7. Talk more about outliers and give a definitive definition and explanation. You can tell the students that an outlier is an observation that is numerically distant from the rest of the data. Statistics that are derived from data sets that include outliers will often be misleading. For example, if one is calculating the average temperature of 10 objects in a room, and most are between 20-25° Celsius, but an oven is at 350° C, the median of the data may be 23 but the mean temperature will be 55. In this case, the median better reflects the temperature of a randomly sampled object than the mean. Outliers may be indicative of data points that belong to a different population than the rest of the sample set. However, a small number of outliers are expected in normal distributions.

7. Using the classroom laptops at their desk have the students create a small data set of their own. Make sure they create a collection, a table and then a graph. Ask students to include an outlier in the data set. Walk around the room to verify that the students have created an outlier and can see what happens when points in the table are changed.


By having students understand the least squares solution we can complete this unit talking about linear models and what they can tell us. Correlation between variables can be validated and the strength of predictions can be verified. Also observing what outliers can do to a data set will enable students to see if this data should be included or not. The third day of the lesson is mainly for students to explore using Fathom and seeing what happens to graphs when data points change.
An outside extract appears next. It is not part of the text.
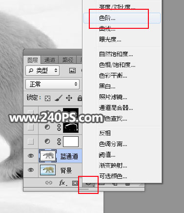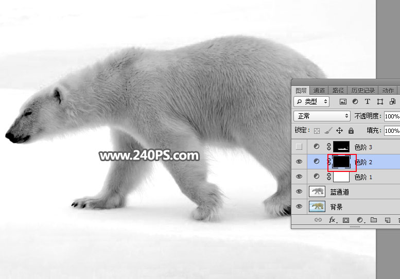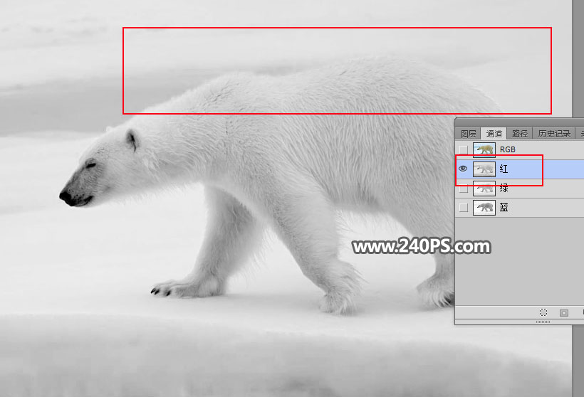 选择红通道:北极熊顶部的毛发与背景基本一致,不太理想。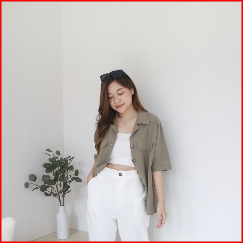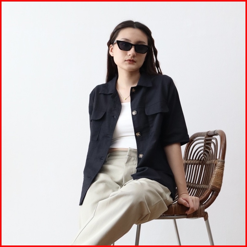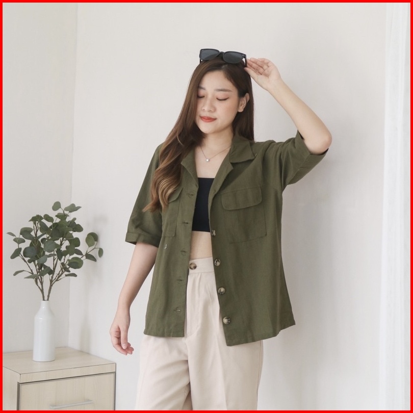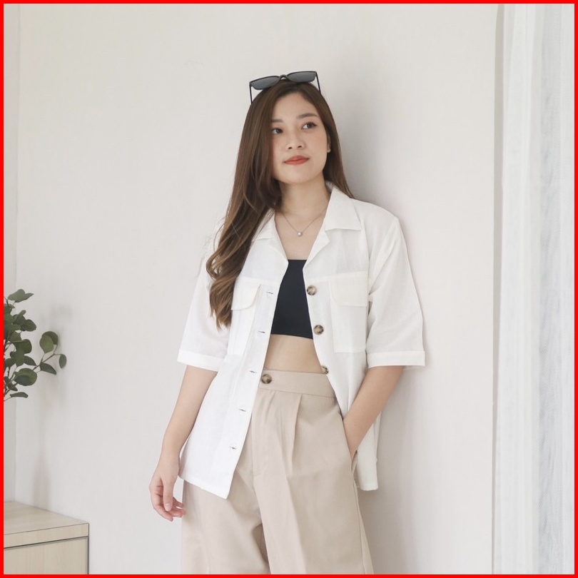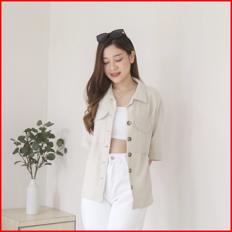 Msmo Somi Oversized Linen Shirt Outer Atasan Wanita Kemeja Wanita Kemeja Linen Top Wanita Linen Shirt

Using Fathom students will be asked to develop a collection of data, develop a Fathom table of that data and graph the least squares solution. The least squares solution also will have to be calculated by hand. At least eight data points must be used and the data must be fairly accurate according to the attributes that are being used. Some examples will be given such as Year/100 m dash world record time, Income/Number of years of education and Population of a City/Number of schools. Also included must be three examples of an outlier that could occur in the data set and three predictions for data that was not included in the set that they established.